A salary is a form of inflow received by an individual in exchange for the provision of service to a firm. It is the payment to the employee paid by the employer, and the salary to be paid is usually agreed at the time the individual is employed and will be stated in an employment contract. The salary paid maybe on a periodic basis, such as the end of the week, fortnightly, or the end of the month. The salary received by an individual is the form of inflow that he receives in order to meet his daily necessities, and the purposes for which it is used may include the purchase of food, clothing, mortgage payments, utility bills, leisure spending and so on. The salary that is paid by a firm will be recorded in its income statement as an expense for the use of human resources to carry out corporate activities. Wage rates paid by different countries differ, especially when a minimum wage is to be paid according to government legislation.
An income is any form of inflow of funds that an individual receives, which allows an individual the opportunity to consume the required goods and services and to save for future needs. Income that an individual receives can be in the form of investment income, salaries, payment receipts, profits, dividends, or any other form of funds inflow. Income that is received by an individual is usually taxable, and tax rates that are applied will depend on the level of income obtained from the income source. The income that a household receives will determine their standard of living, as a higher income receiving home will be able to spend more and save more than a home that receives a lower level of income.
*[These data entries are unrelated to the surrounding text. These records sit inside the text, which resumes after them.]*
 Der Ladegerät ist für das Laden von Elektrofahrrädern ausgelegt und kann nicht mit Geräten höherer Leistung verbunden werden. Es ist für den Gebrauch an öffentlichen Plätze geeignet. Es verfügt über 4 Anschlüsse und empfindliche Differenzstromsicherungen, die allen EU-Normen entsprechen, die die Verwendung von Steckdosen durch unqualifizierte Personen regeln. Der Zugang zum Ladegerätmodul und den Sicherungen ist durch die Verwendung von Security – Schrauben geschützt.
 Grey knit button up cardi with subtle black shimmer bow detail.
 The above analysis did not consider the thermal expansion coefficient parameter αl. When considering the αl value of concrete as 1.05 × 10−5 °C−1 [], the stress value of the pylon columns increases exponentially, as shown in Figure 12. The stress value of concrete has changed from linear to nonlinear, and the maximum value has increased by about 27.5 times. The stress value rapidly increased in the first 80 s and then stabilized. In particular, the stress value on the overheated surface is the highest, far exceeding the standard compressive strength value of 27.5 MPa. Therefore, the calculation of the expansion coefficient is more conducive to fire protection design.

What is the difference between salary and income?
The main similarity between salary and income is that they are both forms of funds inflow that an individual receives. However, salary is also a form of income, even though income is not considered to be a salary. Salaries are received by an individual from an employer in exchange for the work that the individual does in the organisation. Income has a broader scope and includes other forms of inflows such as investment income, interest income for bank deposits, dividends income, profits, income from the sale of assets (sale of car, house, etc). Both salary and income are taxable, and tax rates that are allocated to each depend on the tax bracket into which the level of income is included in. For example, if the tax bracket is $1000-$2500 tax rate 5%, an individual who receives a salary or income of $1500 will pay 5% as tax. Salaries are usually more stable (base rate of salary is fixed, even though the increments depend on hours worked or number of units produced) than income which may depend on market movements in prices, fluctuating interest rates and company dividend policies.
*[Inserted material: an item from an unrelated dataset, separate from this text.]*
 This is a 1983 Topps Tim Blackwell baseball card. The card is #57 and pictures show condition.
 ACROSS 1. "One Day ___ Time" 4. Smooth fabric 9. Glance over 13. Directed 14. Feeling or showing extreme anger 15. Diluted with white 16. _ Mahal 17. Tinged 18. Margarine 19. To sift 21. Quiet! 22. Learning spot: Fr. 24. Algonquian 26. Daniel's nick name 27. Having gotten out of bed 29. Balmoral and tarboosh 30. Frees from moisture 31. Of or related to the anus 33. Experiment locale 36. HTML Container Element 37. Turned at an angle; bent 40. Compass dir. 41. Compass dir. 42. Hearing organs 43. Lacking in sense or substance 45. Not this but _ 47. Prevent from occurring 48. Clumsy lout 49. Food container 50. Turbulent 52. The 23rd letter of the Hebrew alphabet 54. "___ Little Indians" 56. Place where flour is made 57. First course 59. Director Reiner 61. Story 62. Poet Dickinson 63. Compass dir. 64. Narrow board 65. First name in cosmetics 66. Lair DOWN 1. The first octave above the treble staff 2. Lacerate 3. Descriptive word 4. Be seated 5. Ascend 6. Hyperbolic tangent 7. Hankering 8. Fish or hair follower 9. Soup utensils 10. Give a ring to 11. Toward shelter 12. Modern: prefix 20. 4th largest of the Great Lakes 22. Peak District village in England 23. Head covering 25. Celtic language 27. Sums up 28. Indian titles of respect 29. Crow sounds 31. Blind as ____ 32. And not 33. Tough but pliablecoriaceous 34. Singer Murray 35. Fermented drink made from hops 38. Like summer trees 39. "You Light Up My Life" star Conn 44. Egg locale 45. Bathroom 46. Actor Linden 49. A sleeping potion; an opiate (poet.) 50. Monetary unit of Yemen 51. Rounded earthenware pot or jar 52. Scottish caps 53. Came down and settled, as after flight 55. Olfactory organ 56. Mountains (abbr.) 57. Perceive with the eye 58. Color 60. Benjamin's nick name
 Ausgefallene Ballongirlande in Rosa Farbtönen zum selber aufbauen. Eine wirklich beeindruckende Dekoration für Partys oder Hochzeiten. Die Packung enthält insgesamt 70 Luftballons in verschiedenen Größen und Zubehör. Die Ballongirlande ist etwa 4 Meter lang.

What is the difference between ?
• Salary is an inflow received in exchange for a service provided to a firm, whereas an individual does not necessarily have to provide services to receive an income.
• Salary is also a form of income, and both salaries and incomes are taxable depending on the tax bracket the individual belongs.
• Salaries and incomes are usually used by individuals for the same purposes, even though the sources from which income is received is of much wider scope than a salary that is received from an employer.
• Salaries are more stable when compared to income that is volatile depending on the changes in market rates and prices.